═══ Data in this exercise

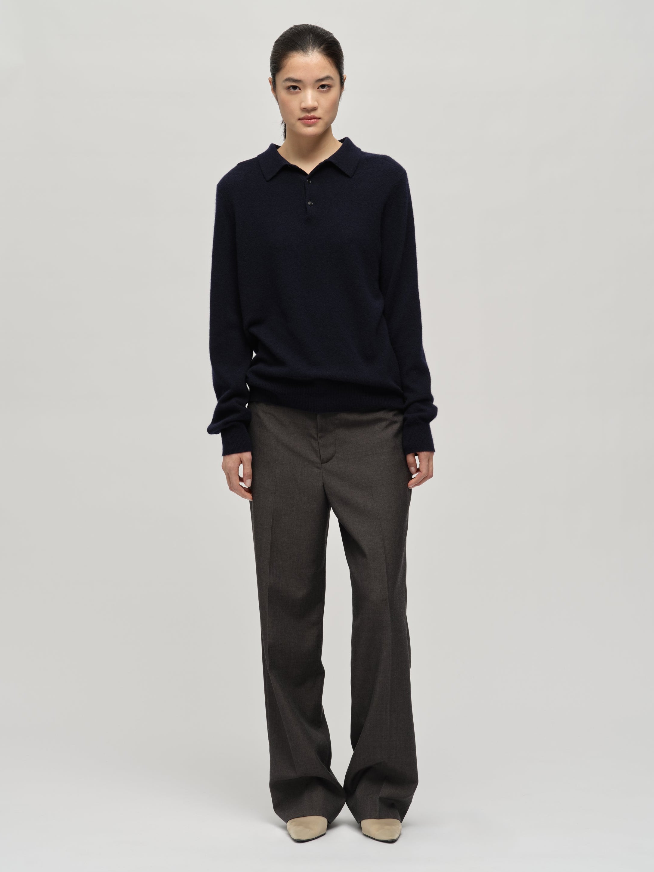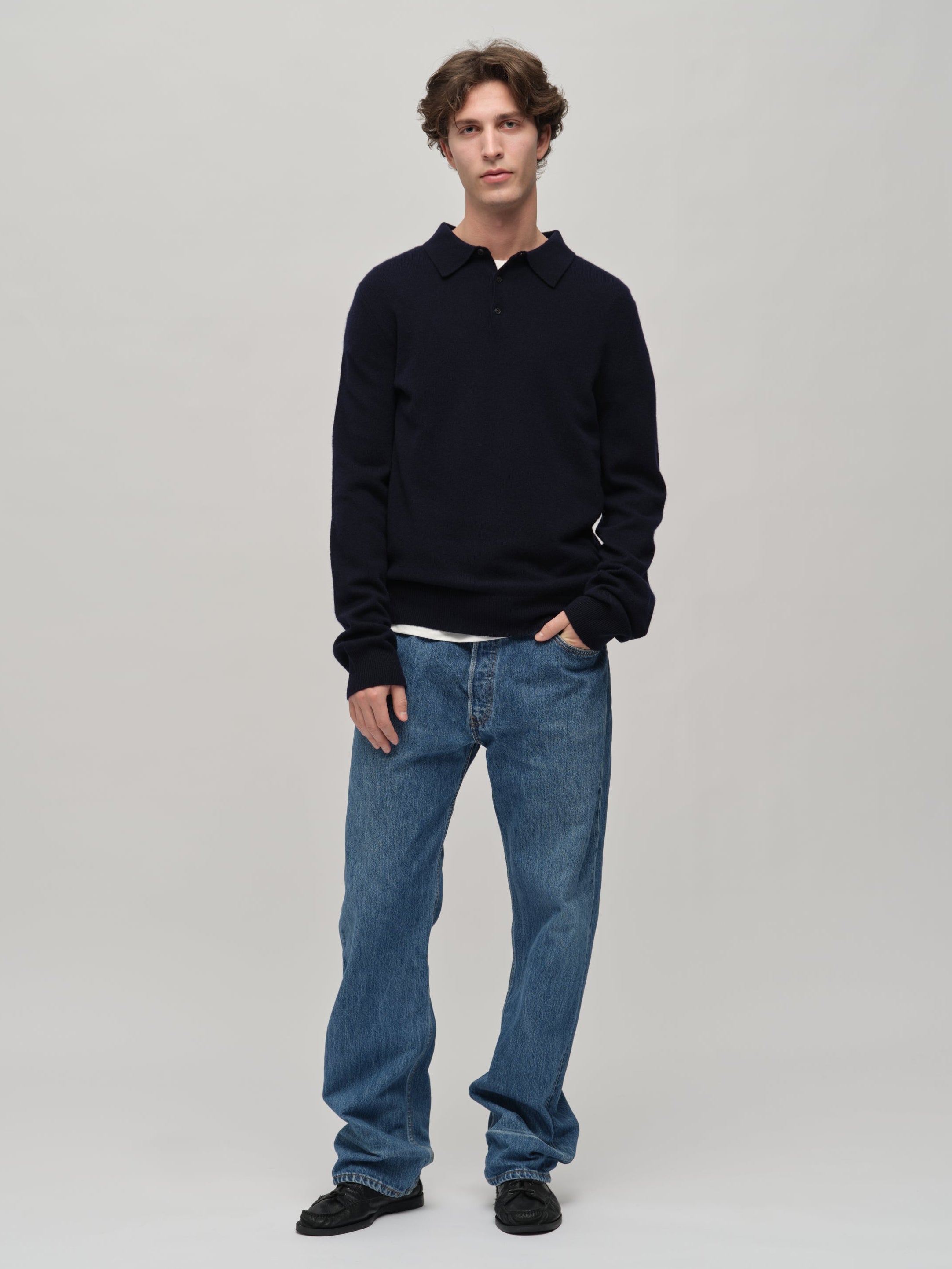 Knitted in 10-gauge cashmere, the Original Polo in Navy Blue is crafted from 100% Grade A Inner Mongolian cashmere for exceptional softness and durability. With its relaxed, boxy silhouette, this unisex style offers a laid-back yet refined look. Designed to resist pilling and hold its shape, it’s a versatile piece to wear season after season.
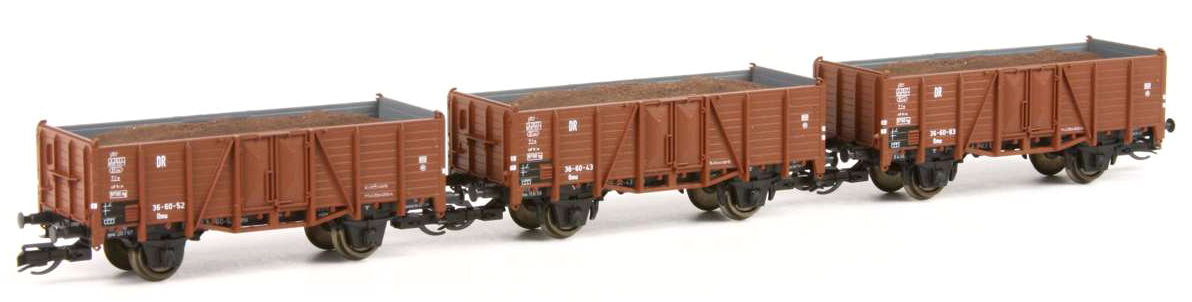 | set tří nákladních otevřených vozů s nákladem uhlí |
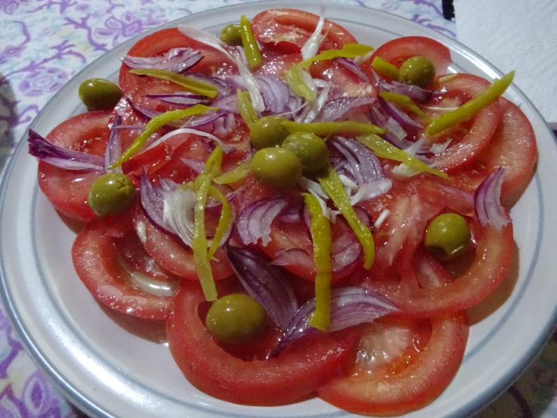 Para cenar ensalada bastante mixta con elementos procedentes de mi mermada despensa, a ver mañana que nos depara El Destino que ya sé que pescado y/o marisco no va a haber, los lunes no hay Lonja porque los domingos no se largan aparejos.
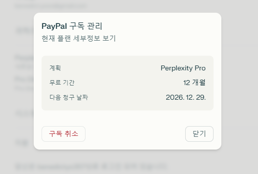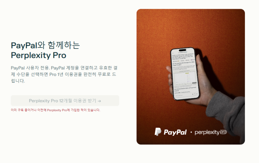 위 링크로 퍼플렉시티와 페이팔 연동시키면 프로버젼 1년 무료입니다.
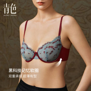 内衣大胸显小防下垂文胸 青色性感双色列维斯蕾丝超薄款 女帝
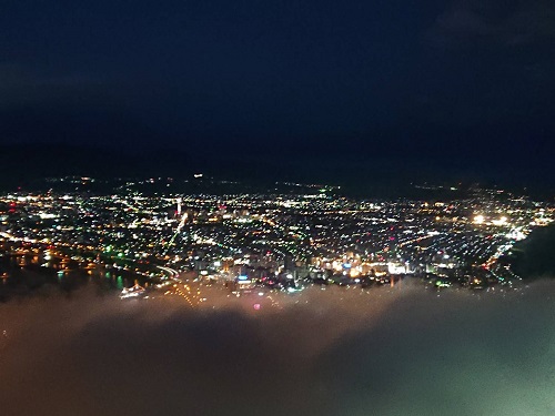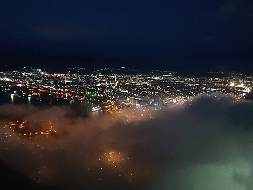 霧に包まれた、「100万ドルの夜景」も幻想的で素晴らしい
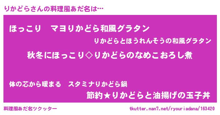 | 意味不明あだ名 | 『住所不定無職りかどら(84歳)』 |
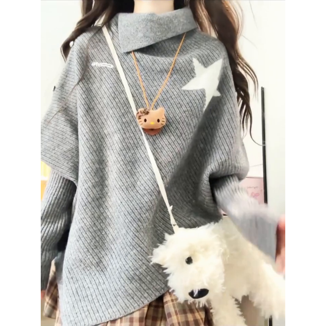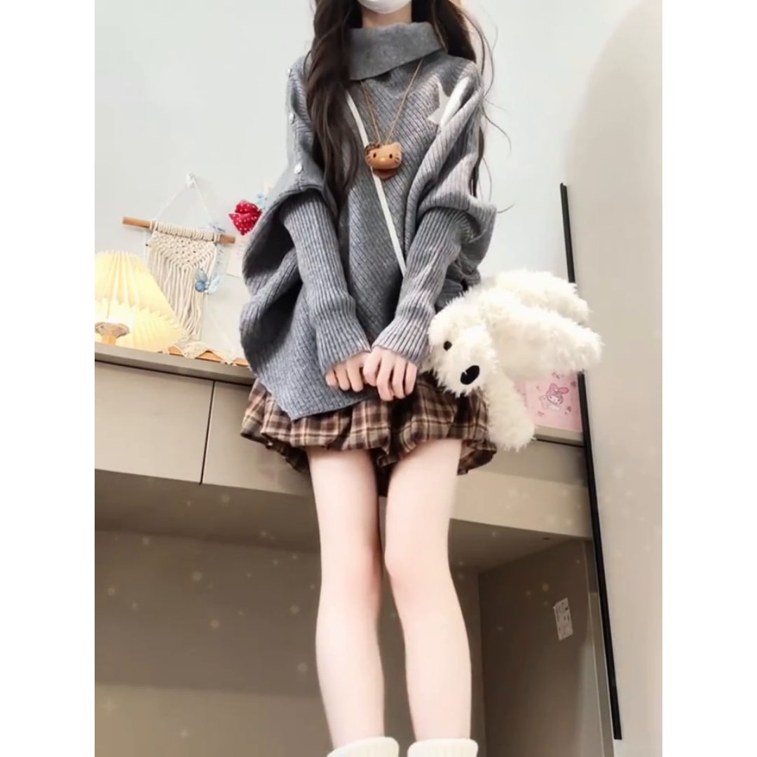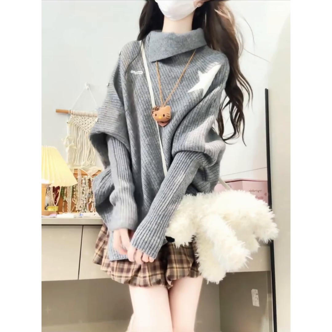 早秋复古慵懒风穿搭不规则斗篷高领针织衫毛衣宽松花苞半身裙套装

══════

● **What needs to be done**:
Please leave out the pictures as you reproduce the lines exactly, from the first line of the entries through the line containing "内衣大胸显小防下垂文胸 青色性感双色列维斯蕾丝超薄款 女帝".

● **Written solution**:
 Knitted in 10-gauge cashmere, the Original Polo in Navy Blue is crafted from 100% Grade A Inner Mongolian cashmere for exceptional softness and durability. With its relaxed, boxy silhouette, this unisex style offers a laid-back yet refined look. Designed to resist pilling and hold its shape, it’s a versatile piece to wear season after season.
 | set tří nákladních otevřených vozů s nákladem uhlí |
 Para cenar ensalada bastante mixta con elementos procedentes de mi mermada despensa, a ver mañana que nos depara El Destino que ya sé que pescado y/o marisco no va a haber, los lunes no hay Lonja porque los domingos no se largan aparejos.
 위 링크로 퍼플렉시티와 페이팔 연동시키면 프로버젼 1년 무료입니다.
 内衣大胸显小防下垂文胸 青色性感双色列维斯蕾丝超薄款 女帝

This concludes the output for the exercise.